DESCRIPTION OF THE TASK
In the entries below, find the line with "宜兴紫砂茶宠金蟾盖置杯托创意摆件茶玩杂件纯手工原矿紫砂" and print exactly every line from there up to and including the line with "If the result", with no other lines.

Content starts

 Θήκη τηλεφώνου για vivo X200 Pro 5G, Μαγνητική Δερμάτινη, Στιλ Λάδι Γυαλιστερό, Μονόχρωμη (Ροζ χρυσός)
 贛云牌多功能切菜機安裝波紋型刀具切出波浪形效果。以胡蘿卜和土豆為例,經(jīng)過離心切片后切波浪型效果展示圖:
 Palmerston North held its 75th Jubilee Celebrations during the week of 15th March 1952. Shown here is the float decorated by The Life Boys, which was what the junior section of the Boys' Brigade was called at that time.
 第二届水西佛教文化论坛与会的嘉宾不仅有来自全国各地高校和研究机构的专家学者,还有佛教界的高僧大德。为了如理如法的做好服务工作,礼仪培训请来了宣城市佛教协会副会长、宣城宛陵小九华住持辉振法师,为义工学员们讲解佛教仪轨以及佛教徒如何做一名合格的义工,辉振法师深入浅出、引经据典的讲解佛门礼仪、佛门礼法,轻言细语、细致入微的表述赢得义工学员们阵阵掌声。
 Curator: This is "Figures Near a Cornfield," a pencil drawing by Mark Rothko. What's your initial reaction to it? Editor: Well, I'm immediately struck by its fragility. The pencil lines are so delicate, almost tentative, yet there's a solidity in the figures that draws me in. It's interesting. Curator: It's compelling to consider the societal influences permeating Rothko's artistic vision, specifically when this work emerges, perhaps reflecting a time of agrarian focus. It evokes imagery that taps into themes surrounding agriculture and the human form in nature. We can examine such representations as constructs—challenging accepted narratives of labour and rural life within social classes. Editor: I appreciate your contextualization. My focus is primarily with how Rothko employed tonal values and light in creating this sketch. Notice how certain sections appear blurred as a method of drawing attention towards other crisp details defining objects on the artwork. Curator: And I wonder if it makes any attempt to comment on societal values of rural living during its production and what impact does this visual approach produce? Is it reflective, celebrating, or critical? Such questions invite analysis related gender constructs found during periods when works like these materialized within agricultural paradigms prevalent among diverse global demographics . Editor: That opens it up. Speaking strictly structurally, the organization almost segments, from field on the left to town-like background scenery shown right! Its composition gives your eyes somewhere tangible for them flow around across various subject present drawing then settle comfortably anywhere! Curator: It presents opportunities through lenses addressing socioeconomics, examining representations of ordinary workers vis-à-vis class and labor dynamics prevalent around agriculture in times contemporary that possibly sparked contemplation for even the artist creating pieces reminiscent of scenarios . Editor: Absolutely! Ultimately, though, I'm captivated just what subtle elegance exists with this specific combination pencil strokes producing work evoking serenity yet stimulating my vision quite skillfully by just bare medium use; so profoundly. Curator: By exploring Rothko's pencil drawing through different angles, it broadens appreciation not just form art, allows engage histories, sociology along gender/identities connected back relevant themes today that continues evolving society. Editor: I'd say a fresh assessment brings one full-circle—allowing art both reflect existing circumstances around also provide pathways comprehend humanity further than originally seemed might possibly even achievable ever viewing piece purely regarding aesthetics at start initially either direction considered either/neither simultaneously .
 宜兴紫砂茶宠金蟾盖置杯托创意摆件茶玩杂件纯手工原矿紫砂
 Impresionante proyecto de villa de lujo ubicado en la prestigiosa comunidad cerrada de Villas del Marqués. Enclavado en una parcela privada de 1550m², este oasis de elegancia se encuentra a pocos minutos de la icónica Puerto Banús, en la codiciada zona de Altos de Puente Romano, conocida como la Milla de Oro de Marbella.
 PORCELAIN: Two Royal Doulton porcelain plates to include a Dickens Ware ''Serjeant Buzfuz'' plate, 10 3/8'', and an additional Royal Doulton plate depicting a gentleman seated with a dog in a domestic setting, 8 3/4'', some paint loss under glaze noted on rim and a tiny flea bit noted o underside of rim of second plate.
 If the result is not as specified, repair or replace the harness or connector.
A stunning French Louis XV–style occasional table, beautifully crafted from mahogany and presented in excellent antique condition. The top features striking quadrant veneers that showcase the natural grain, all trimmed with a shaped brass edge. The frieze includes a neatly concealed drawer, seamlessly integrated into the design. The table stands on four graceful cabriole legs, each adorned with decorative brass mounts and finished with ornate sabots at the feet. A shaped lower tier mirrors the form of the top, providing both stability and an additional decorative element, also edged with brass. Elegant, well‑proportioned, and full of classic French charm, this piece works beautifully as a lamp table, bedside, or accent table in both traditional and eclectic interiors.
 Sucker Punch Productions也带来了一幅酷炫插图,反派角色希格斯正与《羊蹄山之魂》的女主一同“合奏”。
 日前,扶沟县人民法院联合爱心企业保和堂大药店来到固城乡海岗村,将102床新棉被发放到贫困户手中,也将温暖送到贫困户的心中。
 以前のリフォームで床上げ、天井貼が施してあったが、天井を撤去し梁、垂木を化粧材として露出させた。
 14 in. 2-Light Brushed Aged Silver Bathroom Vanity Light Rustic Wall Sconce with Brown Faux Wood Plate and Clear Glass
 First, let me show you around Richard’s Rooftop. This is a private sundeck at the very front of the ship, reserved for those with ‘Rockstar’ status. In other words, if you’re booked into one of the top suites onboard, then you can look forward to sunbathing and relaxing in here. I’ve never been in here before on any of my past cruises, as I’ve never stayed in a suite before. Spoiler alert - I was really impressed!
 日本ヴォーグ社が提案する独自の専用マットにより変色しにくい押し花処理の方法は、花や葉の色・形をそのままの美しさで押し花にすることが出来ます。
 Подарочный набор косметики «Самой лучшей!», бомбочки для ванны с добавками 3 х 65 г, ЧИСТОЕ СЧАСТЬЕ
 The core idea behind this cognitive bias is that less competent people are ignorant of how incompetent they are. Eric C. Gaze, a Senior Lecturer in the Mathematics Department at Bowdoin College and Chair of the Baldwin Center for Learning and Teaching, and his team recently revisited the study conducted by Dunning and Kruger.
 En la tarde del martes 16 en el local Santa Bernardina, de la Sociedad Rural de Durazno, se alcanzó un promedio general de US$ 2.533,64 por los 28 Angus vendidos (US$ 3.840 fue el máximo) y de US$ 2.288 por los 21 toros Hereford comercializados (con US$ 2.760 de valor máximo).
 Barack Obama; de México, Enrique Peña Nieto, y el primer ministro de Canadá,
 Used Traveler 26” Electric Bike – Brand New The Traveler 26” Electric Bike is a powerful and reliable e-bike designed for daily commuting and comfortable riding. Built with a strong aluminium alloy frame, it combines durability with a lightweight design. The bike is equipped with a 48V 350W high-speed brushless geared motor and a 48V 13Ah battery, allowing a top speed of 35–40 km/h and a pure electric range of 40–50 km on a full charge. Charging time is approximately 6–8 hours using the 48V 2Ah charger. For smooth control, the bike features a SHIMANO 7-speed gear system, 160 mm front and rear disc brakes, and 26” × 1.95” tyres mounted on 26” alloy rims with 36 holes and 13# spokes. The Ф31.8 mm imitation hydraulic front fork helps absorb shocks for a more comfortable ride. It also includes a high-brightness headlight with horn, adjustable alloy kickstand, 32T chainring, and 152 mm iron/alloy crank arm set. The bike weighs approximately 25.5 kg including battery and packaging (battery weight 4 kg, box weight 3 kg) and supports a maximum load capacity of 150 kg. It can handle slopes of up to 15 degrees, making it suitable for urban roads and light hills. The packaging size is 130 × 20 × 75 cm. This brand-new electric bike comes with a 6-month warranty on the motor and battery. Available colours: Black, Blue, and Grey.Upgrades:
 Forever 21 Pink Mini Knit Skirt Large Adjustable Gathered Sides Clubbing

Content ends

FINISHED TASK
 宜兴紫砂茶宠金蟾盖置杯托创意摆件茶玩杂件纯手工原矿紫砂
 Impresionante proyecto de villa de lujo ubicado en la prestigiosa comunidad cerrada de Villas del Marqués. Enclavado en una parcela privada de 1550m², este oasis de elegancia se encuentra a pocos minutos de la icónica Puerto Banús, en la codiciada zona de Altos de Puente Romano, conocida como la Milla de Oro de Marbella.
 PORCELAIN: Two Royal Doulton porcelain plates to include a Dickens Ware ''Serjeant Buzfuz'' plate, 10 3/8'', and an additional Royal Doulton plate depicting a gentleman seated with a dog in a domestic setting, 8 3/4'', some paint loss under glaze noted on rim and a tiny flea bit noted o underside of rim of second plate.
 If the result is not as specified, repair or replace the harness or connector.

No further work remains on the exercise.